Sebelum menjalani terapi, dokter melakukan anamnesis, yaitu melihat riwayat alergi pasien, orang tua, atau keluarga. Di sini pasien harus memberikan informasi sebanyak-banyaknya kepada dokter. Pasien dideteksi dengan Bio Tensor (sensor logam) seperti alat pancing, untuk mengetahui alergi apa yang diderita pasien. Dasar teknologi ini adalah biofisika, pasien hanya duduk santai, kemudian dokter atau terapis memegang, mengoperasikan Bio Tensor dengan tangan kanan, dan ampul berisi cairan alergen di tangan kiri. Apabila Bio Tensor bergerak mendatar/horizontal, artinya pasien tidak menderita alergi. Kalau Bio Tensor bergerak vertikal/naik turun, artinya pasien menderita alergi zat tersebut. Pasien dideteksi dengan 40 macam alergen atau lebih, yang memakan waktu sekitar 15 menit, dan hasilnya saat itu juga bisa diketahui.
Cara lain untuk mendeteksi alergi, sebelah tangan pasien memegang ampul berisi cairan alergen, tangan yang sebelah lagi diangkat kemudian oleh terapis ditekan, pasien harus menahan tekanan terapis. Kalau tidak bisa menahan/lemah, artinya pasien memang alergi. Sebaliknya, kalau bisa menahan tekanan terapis, artinya pasien tidak alergi terhadap alergen tersebut.
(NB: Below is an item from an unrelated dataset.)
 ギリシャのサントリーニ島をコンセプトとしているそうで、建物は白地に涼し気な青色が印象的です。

Terapi dibagi empat tahap dengan waktu sekitar 20-30 menit, basic therapy, geopathy, scar removal, blockage removal.
“Terapi dilakukan seminggu sekali. Sebaiknya selama menjalani terapi, pasien berhenti dulu makan makanan yang menyebabkan alergi, atau menguranginya,“ kata dr. Stella Tinia, therapist Bio E Hope Bandung.
Sembuh
“Anak saya menderita alergi ikan laut sejak bayi. Sekarang dia sudah berumur 5 tahun. Pernah satu kali saya memberikan potongan ayam dari garpu yang sudah saya lap setelah saya gunakan untuk makan ikan, tidak saya sangka mulutnya langsung bengkak dalam hitungan menit. Kemudian, suatu kali pembantu di rumah memandikan dia, setelah pembantu saya baru saja membersihkan ikan laut. Padahal, dia sudah mencuci tangannya dengan bersih lalu memandikan anak saya. Dalam hitungan menit, seluruh kulit anak saya memerah. Selain itu anak saya juga menderita asma dari kecil,” kata Yana.
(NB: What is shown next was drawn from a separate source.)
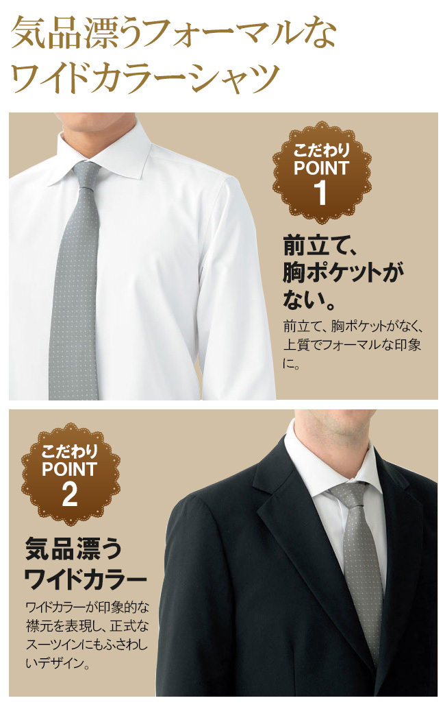 レストランやホテルなど格調高い場所におすすめのフォーマルなワイドカラーシャツ

Setelah 8 -10 sesi terapi. Yana mencoba memberi makan anaknya ikan laut, ternyata alergi tak datang lagi. “Syukurlah sekarang tubuhnya sudah bisa mengatasi reaksi terhadap ikan laut,“ ungkap Yana.
Lain lagi dengan Ny. Linda (45), yang menderita nyeri di kaki kiri sejak 3 tahun lalu. “Dokter bilang saya menderita rematik. Setiap kali saya menggerakkan kaki kiri, saya sering terasa sakit. Saya terus mengonsumsi obat-obatan dan nyerinya memang agak menghilang, tetapi tidak sampai 50%-nya. Kemudian, saya menjalani terapi bioresonansi. Dalam pertemuan kedua saja, sakitnya sudah sangat berkurang hingga tinggal 30% dan di pertemuan kelima hampir tidak terasa lagi,” paparnya.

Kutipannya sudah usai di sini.